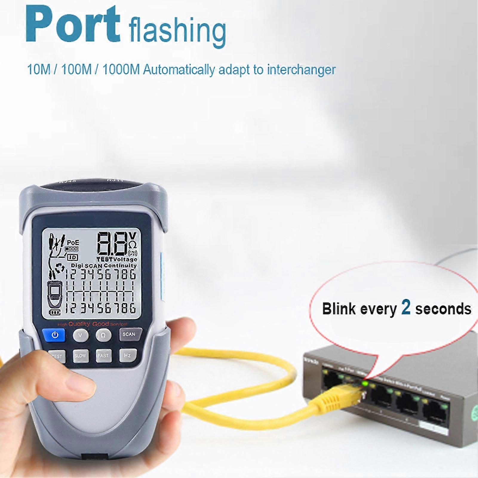 Handheld Portable Network Cable Tester LCD Large Screen Display Digital Wire Trackers Continuity Battery Voltage Polarity Checking POE Test Multi-function Cable Tester with Flashlight This handheld portable network cable tester is a practical tool for all kinds of communication lines and maintenance personnel. It helps you quickly and efficiently find the cable you need from a large number of cables. This product can be widely used in telephone system, computers network, video network, optical communication and other metal wire line occasions. If you need it, come and have a try, it will not let you down. Features: Adopt LCD intuitive display screen for you to see the data more clearly, and with three modes for you to switch freely: POE mode, digital mode and analogs mode. POE testing function: This tool can be used for testing standard and non-standard POE device, it can also test POE voltage, power supplys polarity and power supplys mode. Voltagee test function: You can click "V" to enter the voltage test function, which can measure the battery voltage and voltage polarity and you can press "V" again to enter the POE test mode. You can measure the POE power supplys line and voltage. Adjustable sensitivity: when receiving signal is strong, turn down the sound gear;when receiving sianal is weak, raise the sound gear, which can give you a more accurate testing data. With LED flashlight function, you can turn on the flashlight in time when the light is weak or when you use it at night, so that you can use it normally in a dark environment. Specifications: Material: ABS Type: ET612/ET613 (optional) Power: Transmitter: 3*AA battery (NOT INCLUDED) Receiver: 9V (NOT INCLUDED) Analogue cable tracing: √ Digitalized cable tracing: √ Tracking cables with PoE support: √ Identify wire pairs & quality of wire connections: √ Battery voltage polarity checking: √ Battery Voltage measurment (for reference only): √ PoE voltage polarity checking: √ PoE Voltage measurment (for reference only): √ Split pair: √ Breakpoint checking: √ Continuity test: √ Tracing signal transmission distance: 3Km Output signals level: ~15Vp-p Vibration indication: ONLY ET613 Flashlight: √ Loudness adjustable: √ Low battery indicator: √ Package size: 220 * 148 * 50mm / 8.7 * 5.8 * 2.0in Package weight: 389g / 13.7ounce Packing list: 1 * Transmitter 1 * Receiver 3 * Cables
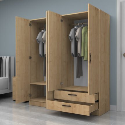 Original price was: 460,00 €.390,00 €Η τρέχουσα τιμή είναι: 390,00 €.Ντουλάπα ρούχων Victoria Megapap τετράφυλλη με συρτάρια χρώμα φυσικό οξιάς 200x60x181εκ.
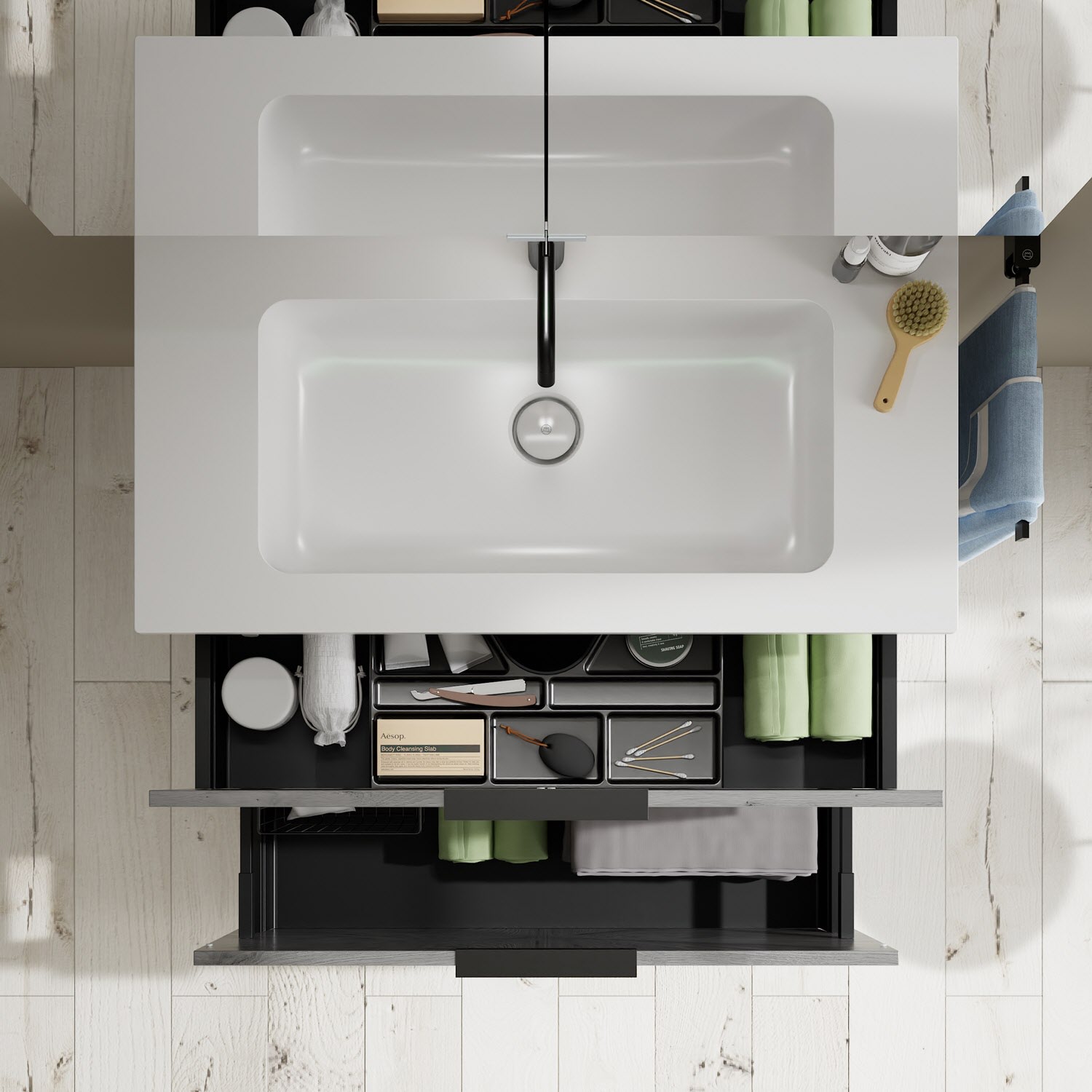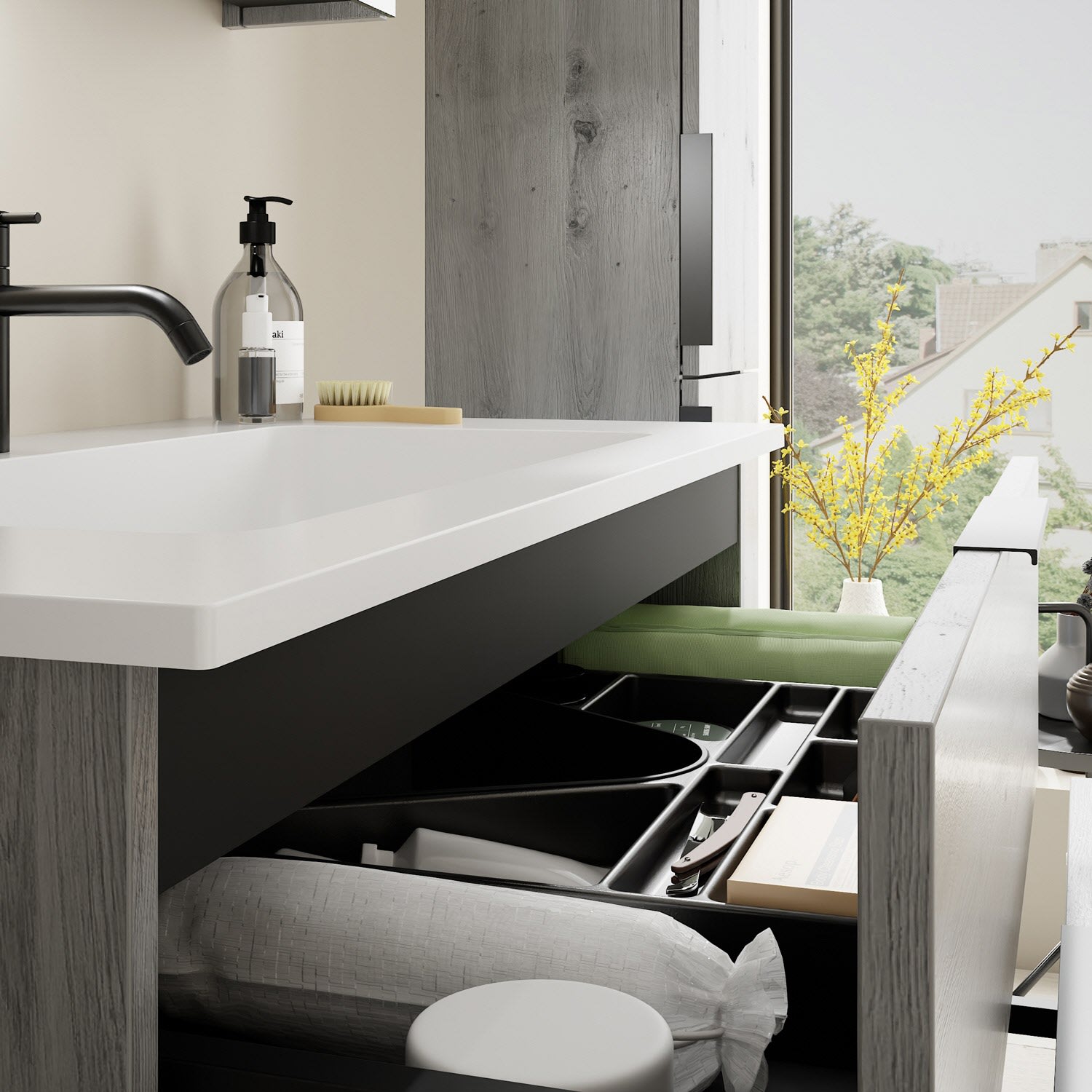 - 1 Schublade oben, 35 cm tief, mit Siphonausschnitt und Inneneinteilung
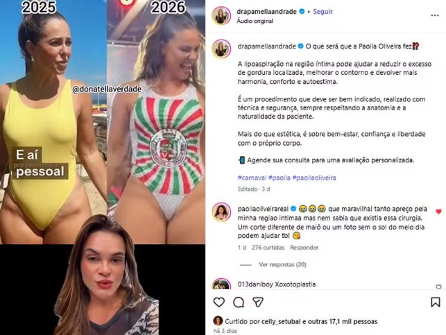 Paolla Oliveira respondeu um vídeo que circula nas redes sociais sobre sua região íntima. Nele, a cirurgiã plástica Pamella Andrade compara imagens da atriz usando maiô, dando um destaque para a região pélvica, sugerindo uma transformação no Monte de Vênus. A médica usa o exemplo de Paolla para falar sobre lipoaspiração, que ajuda a reduzir gordura localizada e melhorar o contorno da região.
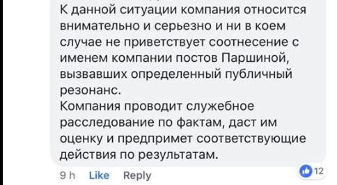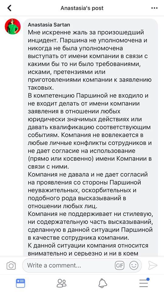 «В компетенцию Паршиной не входило и не входит делать от имени компании заявления [по поводу] любых юридически значимых действий… Компания не давала и не дает согласия на проявления со стороны Паршиной неуважительных, оскорбительных и подобного рода высказываний в отношении любых лиц… Компания проводит служебное расследование по фактам, даст им оценку и предпримет соответствующие действия по результатам», — отметила Сартан.
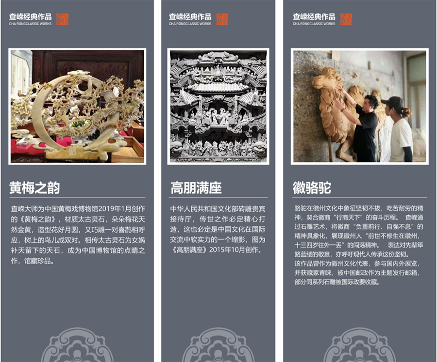 2013 年,查嵘在芜湖新开设了徽州三雕相传了音乐绘画造型管理类院,看作集中化展示台徽州三雕的窗户和交流的活动手机平台,接侍国内国内链和外音乐绘画造型管理类家和癖好者来院探访和专业学习。查嵘还陆续团体创办“第五届国内徽雕音乐绘画造型管理类创作展”,“查嵘名手音乐绘画造型管理类品赏析”等徽雕风格管理展览的活动,在世界 上和文艺工作者界打开徽雕热。多年以来,查嵘陪同他的公司,得益于打造出于仿古房建施工的修护和现当代徽派房建施工的加入,秉持着了芜湖城隍庙创新等关键过程中,在兴建中更加充分加入传统的圆雕音乐绘画造型管理类,打造出都市地标性工程,伟大复兴徽派房建施工现象学。
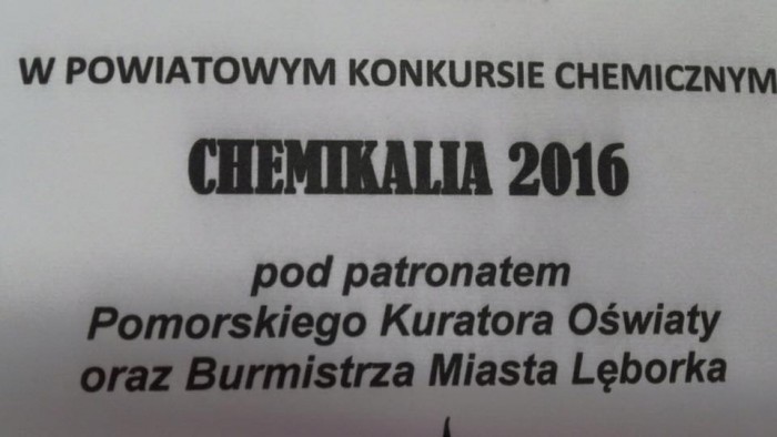 3 czerwca br. w Gimnazjum nr 2 w Lęborku w odbyła się kolejna edycja Powiatowego Konkursu Chemicznego "Chemikalia 2016". Konkurs miał za zadanie sprawdzić wiedzę chemiczną uczniów gimnazjów z powiatu lęborskiego. Patronat nad konkursem objął Pomorski Kurator Oświaty oraz Burmistrza Miasta Lęborka.
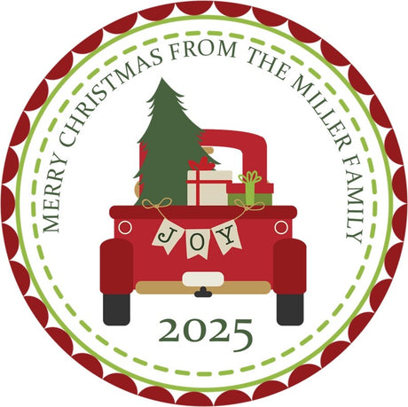 Vintage Red Truck Christmas Stickers – Personalized Holiday Favor Labels
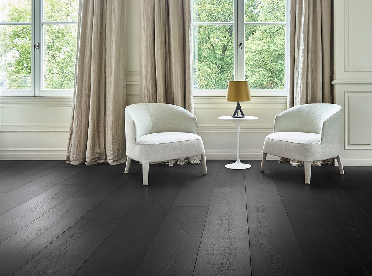 Dette svarte gulvet gir rommet særpreg, karakter og tyngde. Svart er en nøytral farge som lett kan kombineres med andre farger, noe som gjør rommet lett å møblere. Coretec XL-end Chantilly er en tykk klikkvinylgulv med høy slitestyrke og 3 mm korkunderlagt. Korkunderlaget er varmt og demper trinnlyd fra å forplante seg.
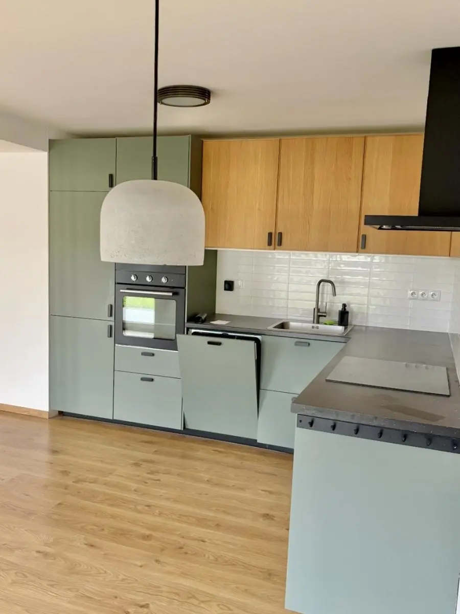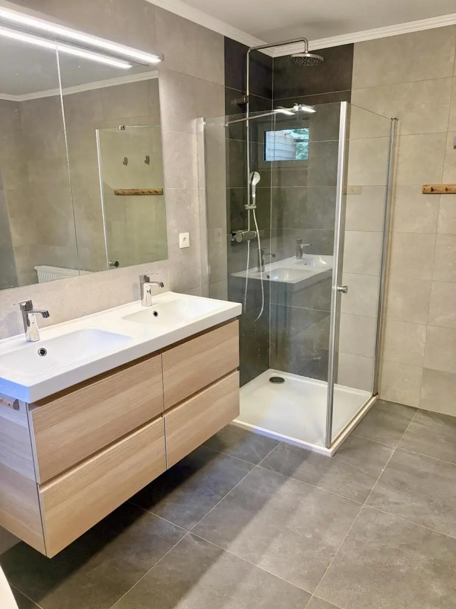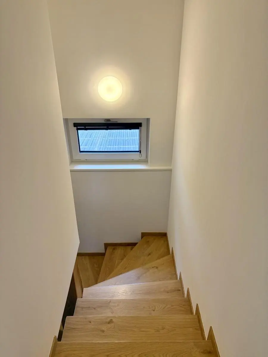 Na podlahách je kombinace plovoucí podlahy a dlažby. V přízemí je podlahové vytápění, v patře radiátory.
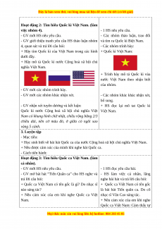 + Củng cố kiến thức về Quốc hiệu, Quốc kì và Quốc ca Việt Nam.
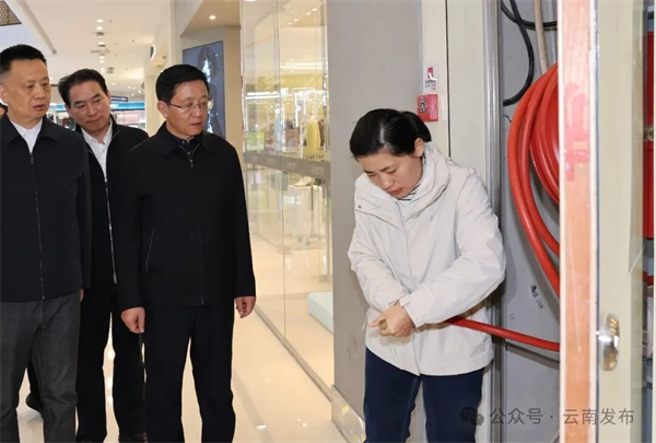 王予波在玉溪万达广场,检查消防设备是否正常运行。
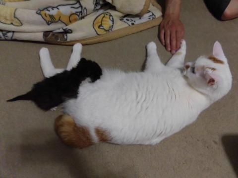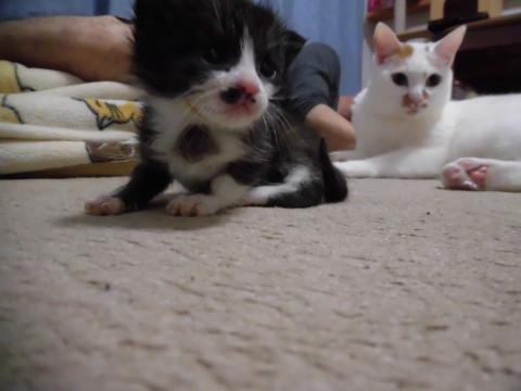 お母さん猫に直前までしっかり育てられたようで、猫も人も怖がりません。
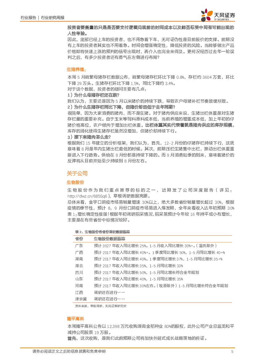 天风证券:农林牧渔行业研究周报:2017年第25周周报:本周重点关注禽链超跌机遇;继续重点推荐板块优质白马龙头隆平高科、大北农继续重点推荐板块优质白马龙头隆平高科、大北农.pdf
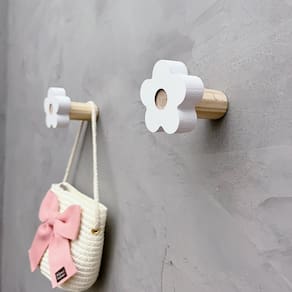 A face vai colada com super cola e acaba sendo apenas decorativa, pois é o suporte quem recebe o esforço, suportando até 5 Kg. Anúncio referênte à 3 unidades. Modelo: Flor Tamanho da face: 5,0cm X 5,0cm; Material: MDF laminado 15mm melamínico | borda pintada Cor: Rosa, Azul, Branco e Cinza
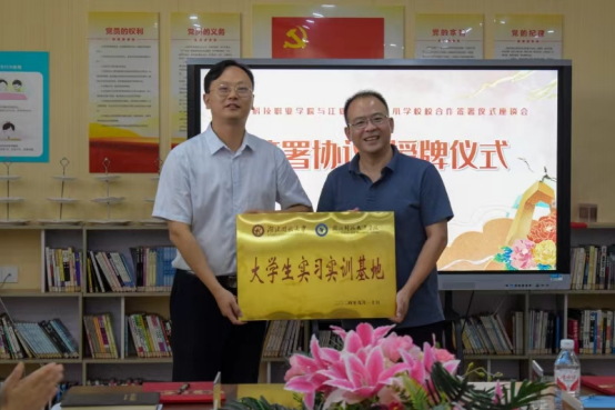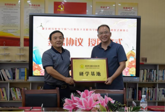 签约仪式上,双方签署校校合作协议,1xbet平台授予江夏区大花岭小学“大学生实习实训基地”,大花岭小学授予1xbet平台“研学基地”。
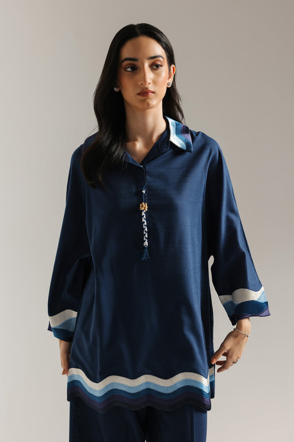 A vision of modern elegance, this sophisticated suit is a study in streamlined design and captivating color. The deep navy blue fabric of the shirt and trousers provides a stunning canvas for the bold, horizontal bands in varying shades of light blue and white. The shirt features a refined collar and a stylish placket with a single hanging accent, while its wide sleeves and hem are beautifully finished with the same striking bands. This ensemble is a perfect blend of comfort and contemporary chic, making a powerful yet graceful statement.
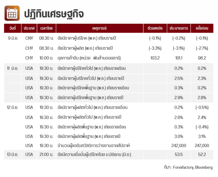 คืนนี้ สหรัฐฯ มีการประกาศตัวเลขดัชนีราคาผู้บริโภคทั่วไป (พ.ค.) เทียบรายเดือน / รายปี และดัชนีราคาผู้บริโภคพื้นฐาน (พ.ค.) เทียบรายเดือน / รายปี
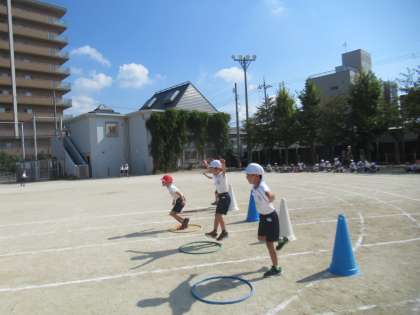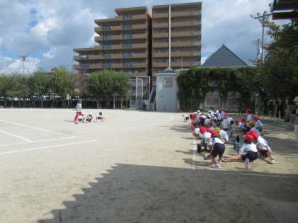 体育の終わりの時間に「先生、くじらぐもだ!」と空を指さしていました。
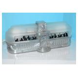 Crystal Di-Cobalt Blue with Woman in Art Ceco Style Costume in Silver, Artist Erte by Franklin Mint 1989, Bronze Art Nouveau Lady with Glass Vase Insert
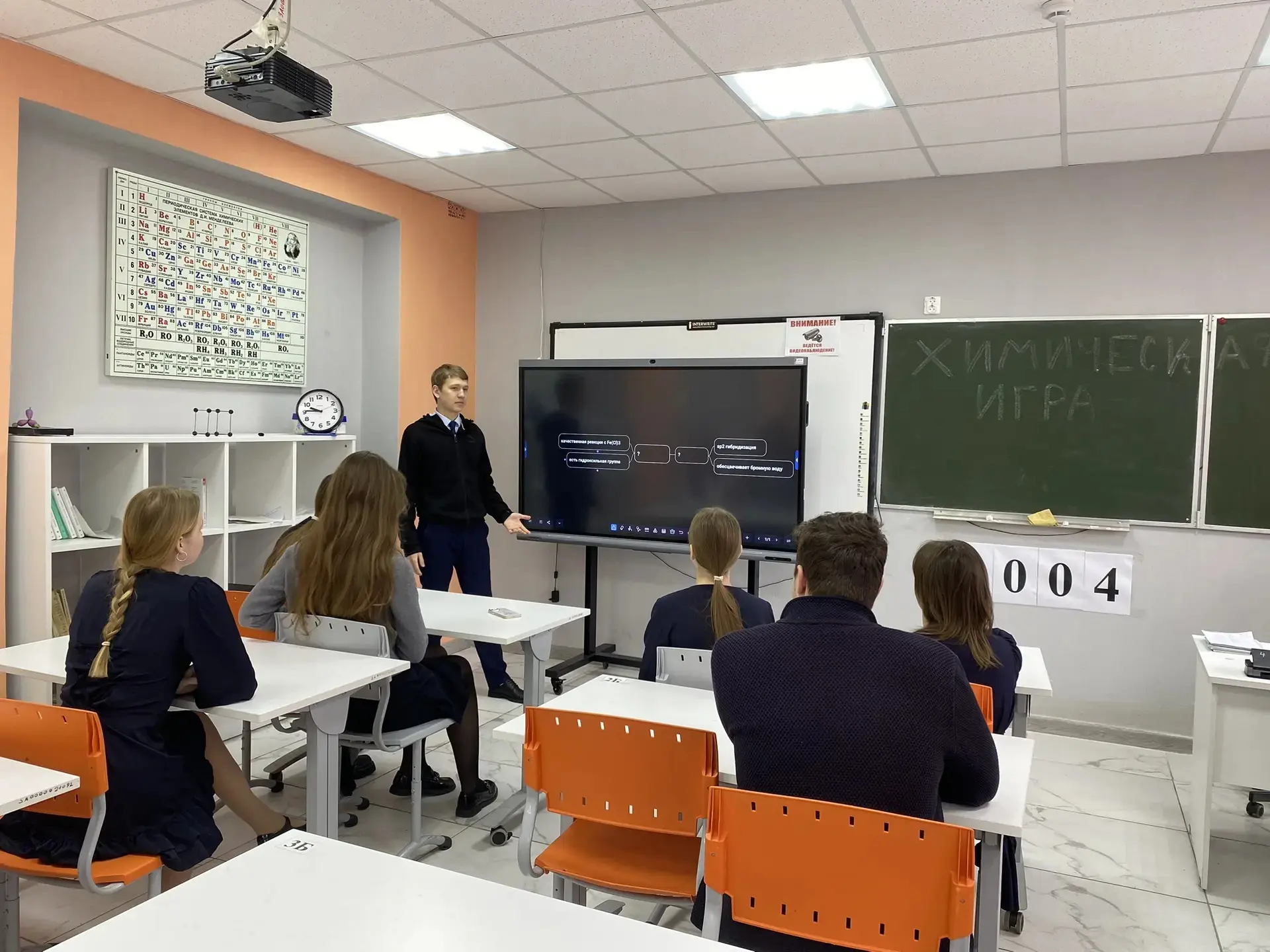 Сегодня на уроке химии ребята приняли участие в интеллектуальной игре, посвящённой обобщению курса органической химии. Мероприятие прошло в формате «Химический ринг» что позволило в интерактивной форме систематизировать знания по ключевым темам: углеводороды, спирты, карбонильные соединения.
────────────────
What you need to do -
Your output should be the lines above from the one that contains "体育の終わりの時間に「先生、くじらぐもだ!」と空を指さしていました。" through the one that contains "Crystal Di-Cobalt Blue", word for word, with pictures left out.

Answer box -
 体育の終わりの時間に「先生、くじらぐもだ!」と空を指さしていました。
 Crystal Di-Cobalt Blue with Woman in Art Ceco Style Costume in Silver, Artist Erte by Franklin Mint 1989, Bronze Art Nouveau Lady with Glass Vase Insert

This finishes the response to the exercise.